Adoption Methodology
Methodology answers how to bring the AI operating model to life in an organization. The framework describes what the model is made of — principles, roles, entities, processes, portfolios, gates, and artifacts. Methodology connects those components into an adoption sequence: from diagnosing the current state and first initiatives to a managed portfolio with confirmed impact.
Why this section exists
Most companies have already run AI pilots. The gap is rarely technology — it is the lack of a managed loop: who decides, what evidence is required to move between stages, how to prioritize the portfolio, and when to stop an initiative with no impact.

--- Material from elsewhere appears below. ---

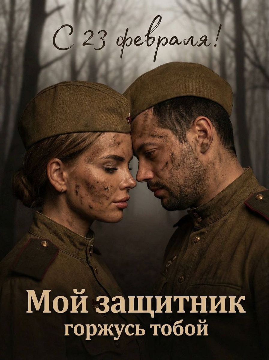 ! 💪 👋🔘 Как сделать такое фото? 1️⃣. Переходи в нашего бота: @aivizbot 2️⃣. Прикрепи два фото ( женщина и мужчина ) — Загрузи свою фотографии, где чётко видно лица — Нажми Отправить 3️⃣. Нажми "Открыть редактор" — В открывшемся приложении выбери nano banana — Режим pro — Введите промт (текст ниже) — Нажми Отправить 🤩 Промт кадр 1 (скопируй одним касанием): Создай не меняя черты лиц.На изображении пара, стоящая на фоне разрушенного города. В кадре только лица Мужчины и женщины в военной форме времен Великой Отечественной войны, с пилотки на головах, выглядят эмоционально вовлечёнными в момент. Они близки друг к другу, их лица почти касаются, между ними создается интимная атмосфера. У обоих на лицах заметные следы грязи и пыли, что подчеркивает трудности военных лет и их участие в борьбе. Женщина смотрит на мужчину,касаясь нежно правой рукой щеки мужчины, а мужчина чуть наклонил голову, их взгляды направлены друг на друга в момент единения. Надпись прописью на фото сверху: «С 23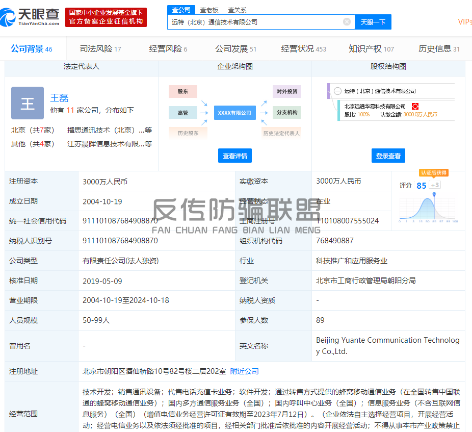 通过天眼查可以看到:远特(北京)通信技术有限公司成立于2004年10月19日,是中国的一站式通信服务提供商。注册地址位于北京市朝阳区酒仙桥路10号28号楼二层202室,注册资本3000万,公司法人代表是王磊。

Adoption methodology turns the framework from documentation into a working order of actions — without replacing the component sections, but complementing them with an adaptation route for a specific organization.
What this section covers
Topics will be published over time. For now, the structure and entry point are fixed; below is the logic the methodology follows.
From strategy to initiatives
How business challenges and strategic priorities become managed AI initiatives with owners, a value hypothesis, and a clear AI product route.
AI initiative portfolio metrics
Which indicators to track across the AI initiative portfolio: stage distribution, balance, priorities, and the link to the analytics layer.
Lifecycle and gates
How an initiative moves through the business funnel, where gates apply, what evidence is needed to advance, and when an initiative loops back to an earlier stage.
Value hypothesis and confirmation
How to state expected impact before delivery starts and how to confirm results after launch — so the portfolio rests on facts, not activity.
Delivery and launch readiness
How to assess readiness across data, architecture, integrations, support, and adoption before the next stage commitment is made.
Roles and decision rights
Who owns the outcome, risk, readiness, launch, and impact confirmation — and how to prevent unowned movement through the funnel.
How to read alongside other sections
| Question | Where to look |
|---|---|
| What is the model made of? | Operating model, AI product portfolio, AI initiative portfolio |
| How to implement the model in a company? | This section |
| What to use to run initiatives day to day? | AI Conveyor, Platform components |
| Step-by-step scenarios | This section → Playbooks |
| Templates and checklists | Artifacts |
Core idea of this section
Adoption methodology is not a separate "transformation project" — it is a managed transition from experiments to a loop where every AI initiative has an owner, evidence for decisions, and a measurable path to impact.